I think the one that Xine will require in particular is xvmc - you can confirm this by checking the ebuild for the version you are building.

----------

## jamesfj

when i emerge xine-lib, I can't get xxmc (but yesteray can), what's wrong???

when I run ./configure in xine-lib-1.0.1 source

I get:

checking for linux/videodev.h... yes

checking for libXv.so... libXv.so not found in

checking for libXv.a... libXv.a not found in

checking whether to enable the xxmc plugin with vld extensions...

checking for XvMCPutSlice in -lXvMCW... no

*** Could not link with -lXvMCW for vld extensions.

checking for XvMCCreateContext in -lXvMCW... no

*** Could not link with -lXvMCW for standard XvMC.

*** Disabling xxmc plugin due to above errors.

checking whether to enable the xvmc plugin...

checking for XvMCCreateContext in -lXvMCW... (cached) no

*** Could not link with -lXvMCW.

*** Disabling old xvmc plugin due to above errors.

----------

## infiniteedge

I've been able to get DRI working with unichrome without using any cvs repos.

https://forums.gentoo.org/viewtopic-t-361352.html

----------

## zefrer

Can any of you please explain how to compile and get mplayer to use the Xvmc extension for accelerated mpeg under the Unichrome Pro driver? I'm also using Ivor's patch and I've just managed to get DRI going but both mplayer and Xine refuse to use Xvmc and play anything.

I do have libviaXvMCPro.so in /etc/X11/XvMCConfig

----------

## g8ecj

I got very confused by the mpeg acceleration on mplayer & xine - turns out that only mpeg2 is supported (great for DVDs or the output of a PVR-150/250/350 card) but no good at all for divx/xvid mpeg4. Support for this will be done apparently but don't expect it before Xmas!!

-- 

Robin

----------

## zefrer

I'd take even mpeg2 at the moment   :Laughing: 

Mplayer and xine still don't work with Xvmc and can't get accelerated mpeg2 at all, could you explain how you got them to work on your system?
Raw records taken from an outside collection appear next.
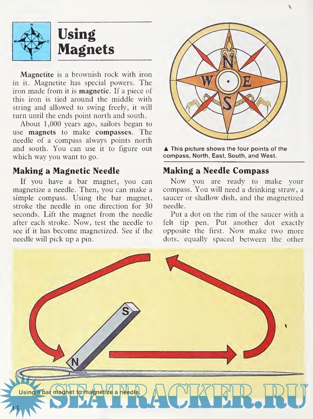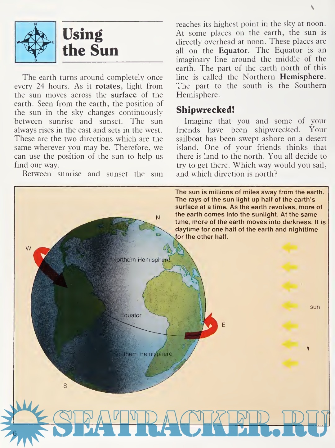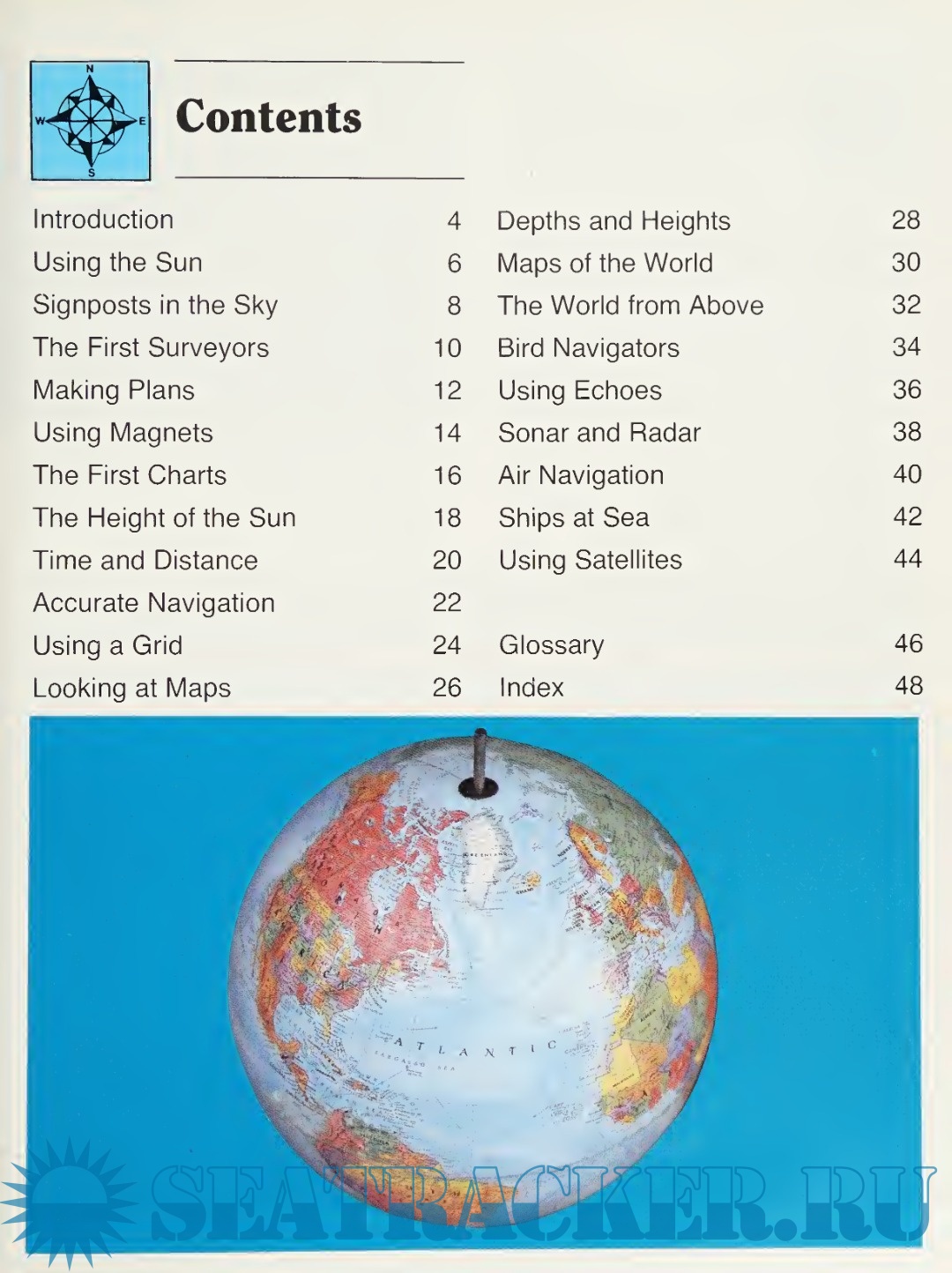 Year: 1986 Language: English Author: Michael Pollard Genre: Textbook Publisher: Schoolhouse Edition: 1 ISBN: 0-8086-1043-0 Format: PDF Quality: Scanned pages + text layer Pages count: 50 Description: When the first sailors set out to explore the world, they sailed along the coast. They felt safe because they were never far from land. Later, when they sailed off across the ocean, these first sailors soon lost sight of the land. They might sail for days or even weeks only seeing the sea and the sky. These first explorers had nothing to help them find their way. Some animals find their way over great distances without any help at all. They use their instinct, which is a natural way of doing things that all animals have. When birds fly to warmer countries in the winter months, this is called migration. Caribou, or reindeer, also migrate southwards from the Arctic in search of food. Even some butterflies fly hundreds of miles to lay their eggs. People do not have the same instinct as animals. Over thousands of years we have learned how to navigate, or find our way, with maps and instruments. Three things are necessary to navigate well. First, you must know where you are. Then, you must know the place or position you want to reach. You must also know the direction to take in order to get there. This book tells the story of how people learned to navigate. We are going to start like the first explorers. These sailors had nothing to help them. They had, however, seen that the sun rose on one side of the sky every morning. It moved across the earth and set on the other side in the evening. Could they use the sun to point them in the right direction?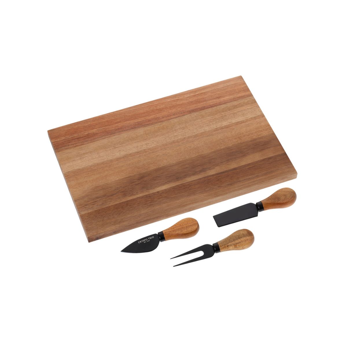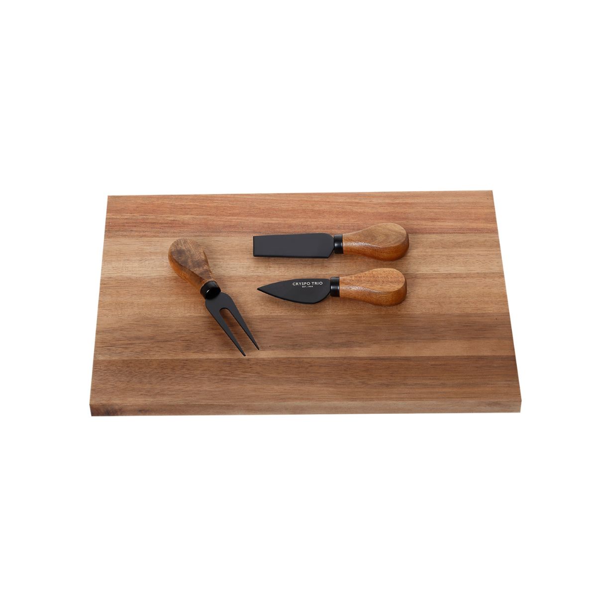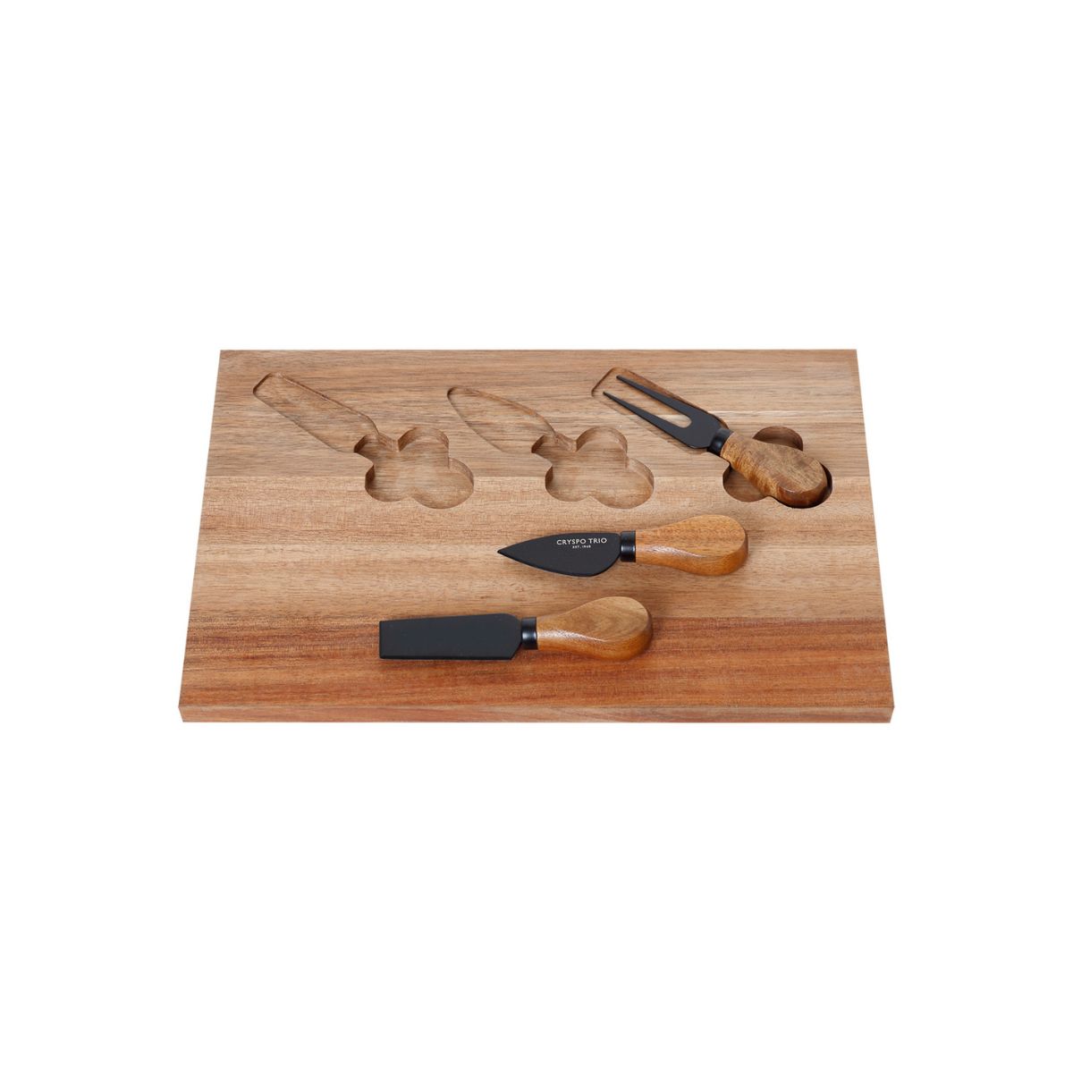 Το σετ σερβιρίσματος της Cryspo Trio (κωδικός 01.00.423) συνδυάζει την υψηλή αισθητική με την απόλυτη εργονομία. Το ιδιαίτερο χαρακτηριστικό αυτού του σετ είναι οι ειδικά διαμορφωμένες υποδοχές στην επιφάνεια του ξύλου, που επιτρέπουν στα εργαλεία να φωλιάζουν με ασφάλεια, κάνοντας τη μεταφορά και την αποθήκευση πιο εύκολη από ποτέ.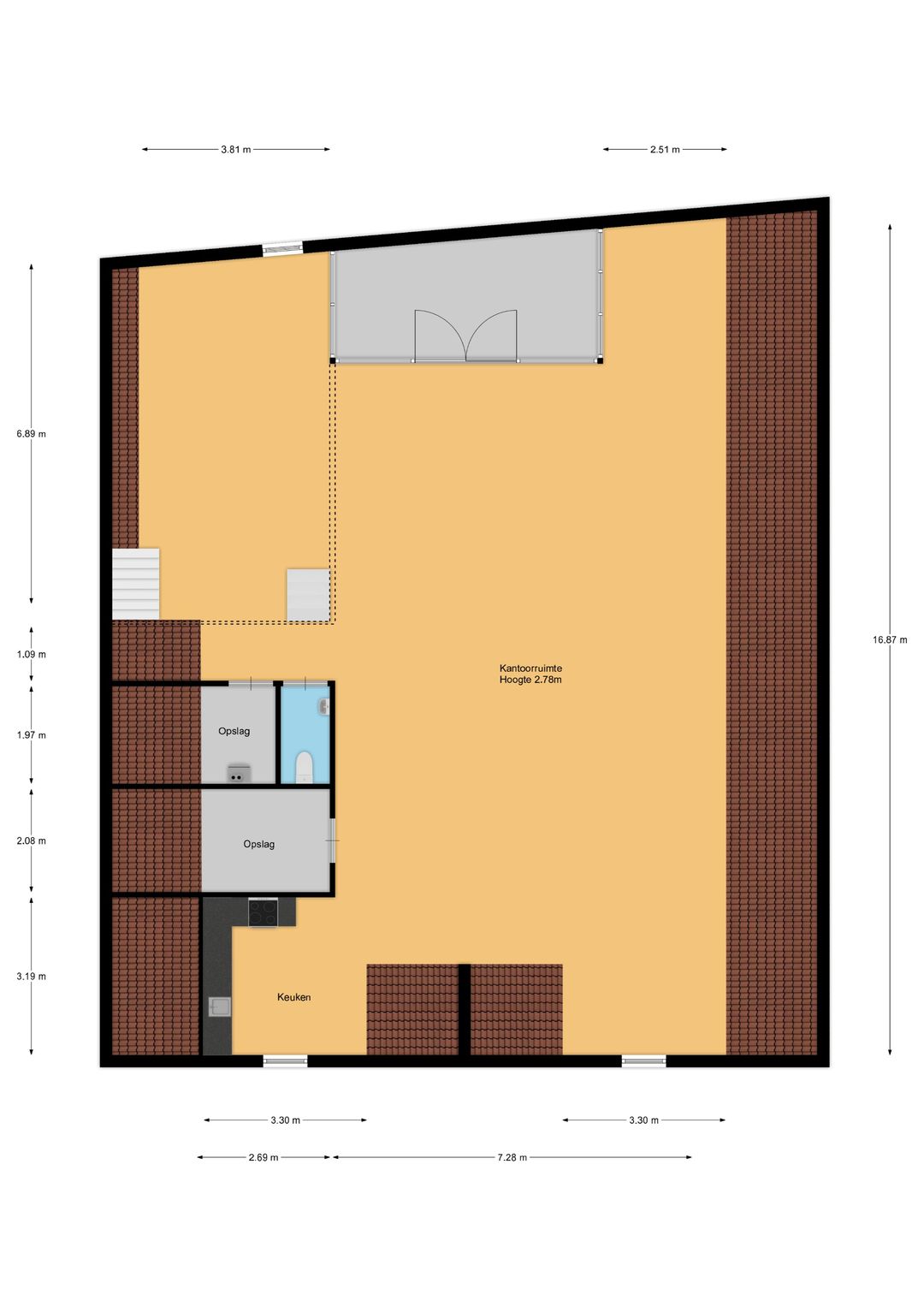 Verdieping: showroom-/kantoorruimte van ca. 253 m² b.v.o.

Xvmc is reported to work in my xorg.log file and DRI is turned on.

----------

## Mr SA

Download and compile libXvMCW and then reemerge xine-lib with USE="xvmc"

You will need to re-edit /etc/X11/XvMCConfig because it will be reset to NVidia

----------

## g8ecj

I've a feeling that xorg-6.8.99.15 which is masked ~x86 includes the xvmc wrapper. A useful bit of background reading I found was at

http://sourceforge.net/docman/display_doc.php?docid=26963&group_id=102048 for the 3D libs that go with the via driver that I got from http://myth.ivor.org/unichrome/

I used  *Quote:*   

> ebuild path.to.xorg.ebuild compile

  to create the workspace and then made a symbolic link from var/tmp/....work/xc to /usr/src so that the paths would be the same as the README file and just followed Ivors instructions - worked like a charm.

----------